Lastly, participants are required to submit the results for all the images in a single JSON file with the following format:

{

“res_1”:  [

                {“points”: [[x₁, y₁], [x₂, y₂], …, [x_n, y_n]], “confidence” : c, “transcription” : “trans1”},

                …

                {“points”: [[x₁, y₁], [x₂, y₂], …, [x_n, y_n]], “confidence” : c, “transcription” : “trans2”}],

“res_2”:  [

                {“points”: [[x₁, y₁], [x₂, y₂], …, [x_n, y_n]], “confidence” : c , “transcription” : “trans3”}],

……

}

where the key of JSON file should adhere to the format of res_[image_id].

Note: Participants are required to make a single submission only regardless of scripts. We will evaluate all submissions under two categories, Latin and mixed (Latin and Chinese) scripts. When evaluating recognition performance for Latin script, all non-Latin transcriptions will be treated as "Do Not Care" regions.

Download submission example here: ArT-end-to-end-result-example.zip

Evaluation metrics

For T3, we first evaluate the detection result by calculating its Intersection over Union (IoU) with the corresponding ground-truth. Detection regions with an IoU value higher than 0.5 will be matched with the recognition ground truth (i.e. the transcript ground truth of the particular text region). Meanwhile, in the case of multiple matches, we only consider the detection region with the highest IOU, the rest of the matches will be counted as False Positive. Then, we will evaluate the predicted transcription with both case-insensitive word accuracy H-mean and 1-N.E.D (with 1-N.E.D as the official ranking) for T3.1 (while the Chinese text regions will be ignored in this evaluation). Similar to T2.2, we will publish the results of T3.2 in both metrics (1-N.E.D and case-insensitive word accuracy), but the official ranking is based on the results of 1-N.E.D.

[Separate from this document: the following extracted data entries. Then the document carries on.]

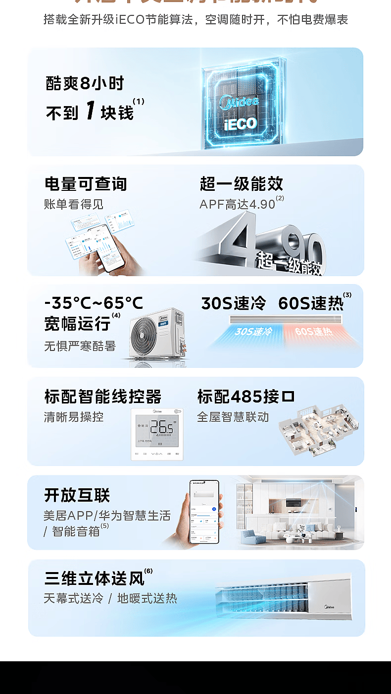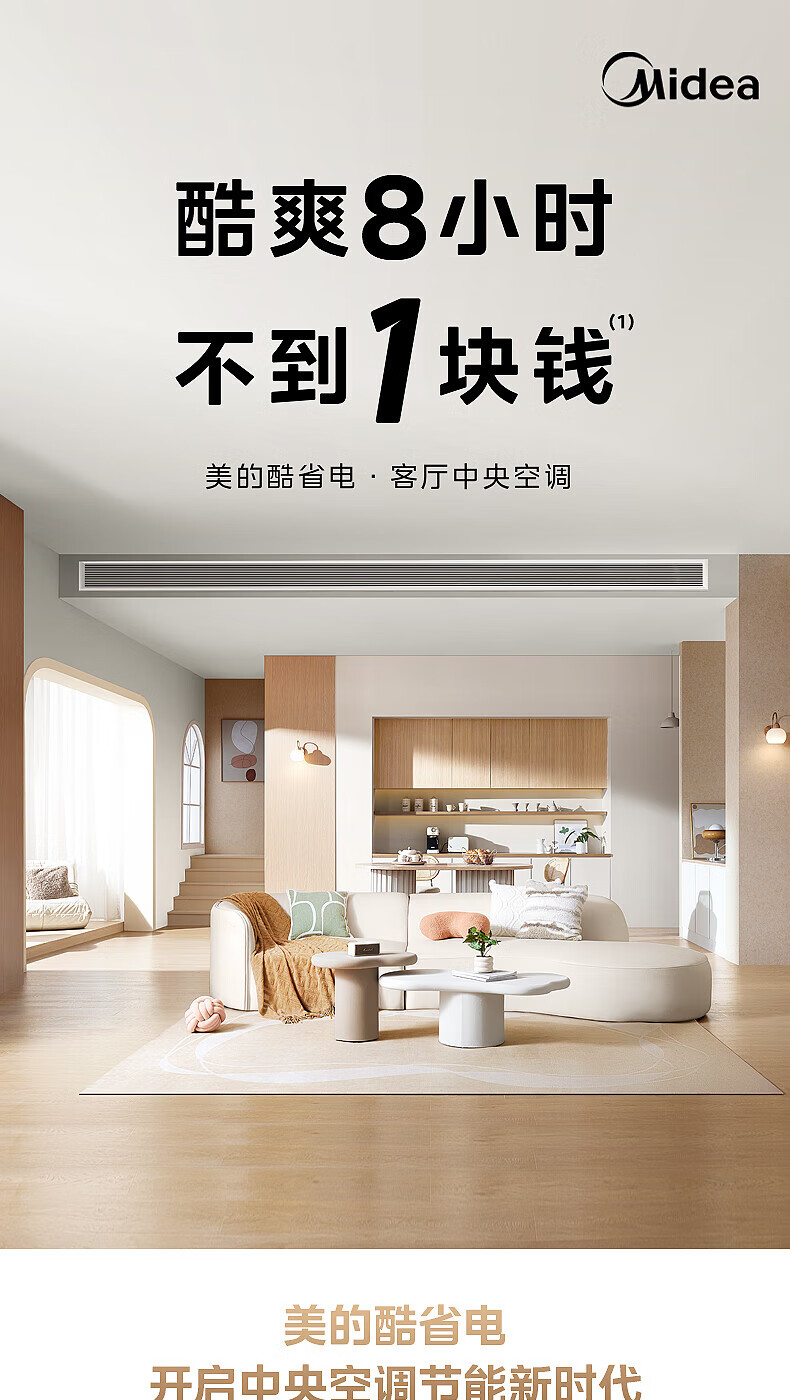 美的(Midea)酷省电中央空调风管机一拖一3匹一级能效 客厅卧室 全屋智联 一价全包 酷省电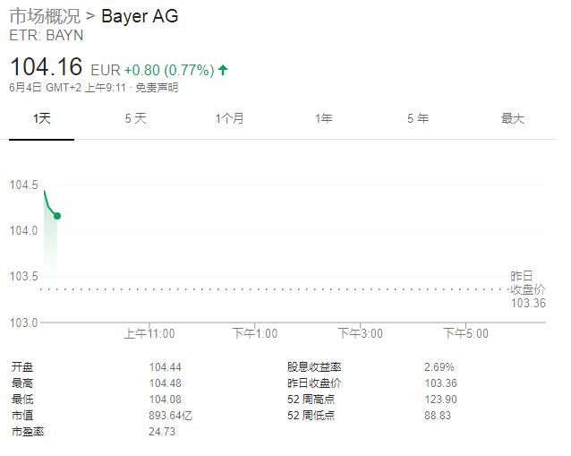 今日,拜耳股价目前上涨0.8%,市值达到近900亿欧元。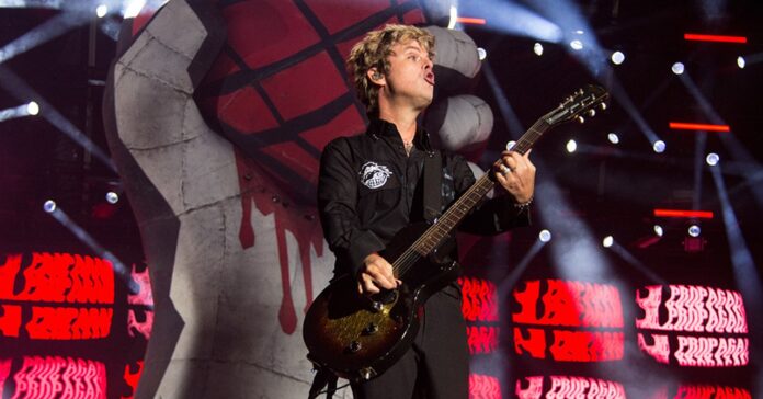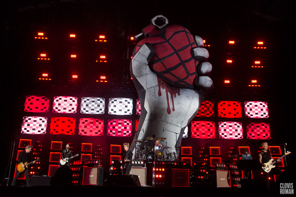 Às 20h50, exatos dez minutos antes do horário marcado para o início do show do Green Day, o sistema de som começou a tocar “Bohemian Rhapsody”, do Queen. Quase o equivalente “Doctor Doctor” (UFO) na apresentação do Iron Maiden, o clássico de Freddie Mercury e companhia foi entoado pelo público de modo comovente. Em seguida, um sujeito fantasiado de coelho animou a plateia ao som de “Blitzkrieg Bop”. Telões exibiram imagens dos músicos ao som de partes de músicas como “We Will Rock You”, também do Queen, e a Marcha Imperial de “Star Wars”. O baixista Mike Dirnt entra primeiro, o baterista Tré Cool depois e o vocalista e guitarrista Billie Joe Armstrong é o último. Todos ovacionados.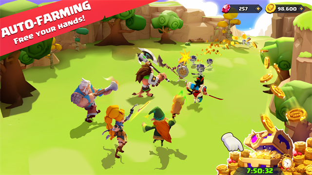 设置你的阵容,英雄将自动击败敌人。离线时将英雄发送到赏金计划以获得奖金。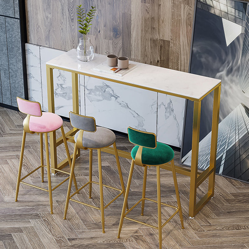 Nordic Backrest Armless Counter Stool Iron Cafe Bar Stool with Velvet Cushion and Pedal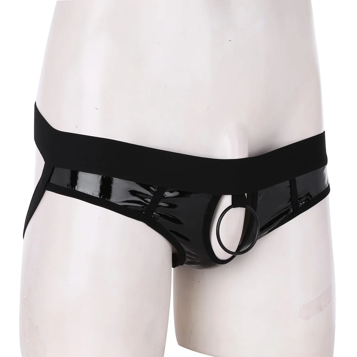 Mens Sexy Patent Leather Lingerie Hollow Out Bulge Pouch Latex Panties: Men Sexy Strings Jockstrap with Hole Metal
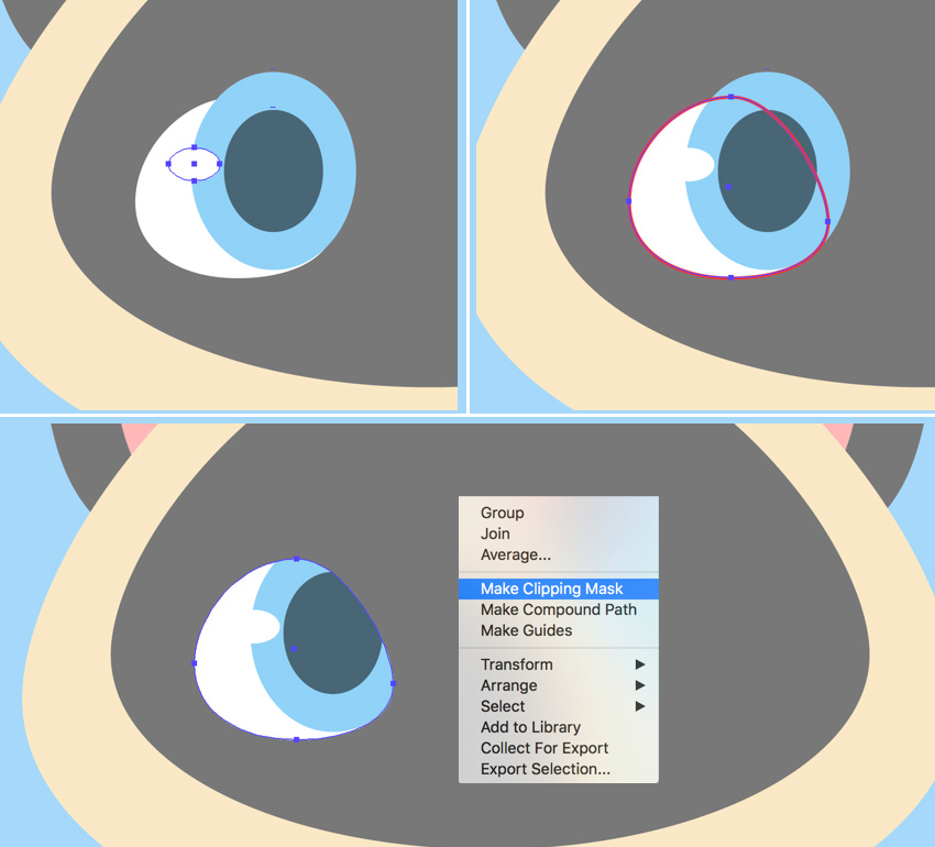 复制(Control-C)白眼球,粘贴在前面(Control-F)并置前(Shift-Control-])。 现在选择眼睛的所有元素,单击鼠标右键,然后选择建立剪切蒙版,从而将所有内容放置在顶部副本中,作为虚构容器。 此容器内的所有形状仍然可编辑。您可以在图层面板中找到剪辑组,展开它,然后移动,编辑和重新排列对象。

Note: The preprocessing steps for the recognition part are the same as task 2.

 

References

1. Karatzas, Dimosthenis, et al. "ICDAR 2013 robust reading competition." Document Analysis and Recognition (ICDAR), 2013 12th International Conference on. IEEE, 2013.
2. Karatzas, Dimosthenis, et al. "ICDAR 2015 competition on robust reading." Document Analysis and Recognition (ICDAR), 2015 13th International Conference on. IEEE, 2015.
3. Gomez, Raul, et al. "ICDAR2017 robust reading challenge on COCO-Text." 14th IAPR International Conference on Document Analysis and Recognition (ICDAR). IEEE, 2017.
4. Yuliang, Liu, Lianwen, Jin, et al. "Curved Scene Text Detection via Transverse and Longitudinal Sequence Connection." Pattern Recognition, 2019.
5. Nayef, Nibal, et al. "ICDAR2017 Robust Reading Challenge on Multi-Lingual Scene Text Detection and Script Identification-RRC-MLT." Document Analysis and Recognition (ICDAR), 2017 14th IAPR International Conference on. Vol. 1. IEEE, 2017
6. Shi, Baoguang, et al. "ICDAR2017 competition on reading chinese text in the wild (RCTW-17)." Document Analysis and Recognition (ICDAR), 2017 14th IAPR International Conference on. Vol. 1. IEEE, 2017.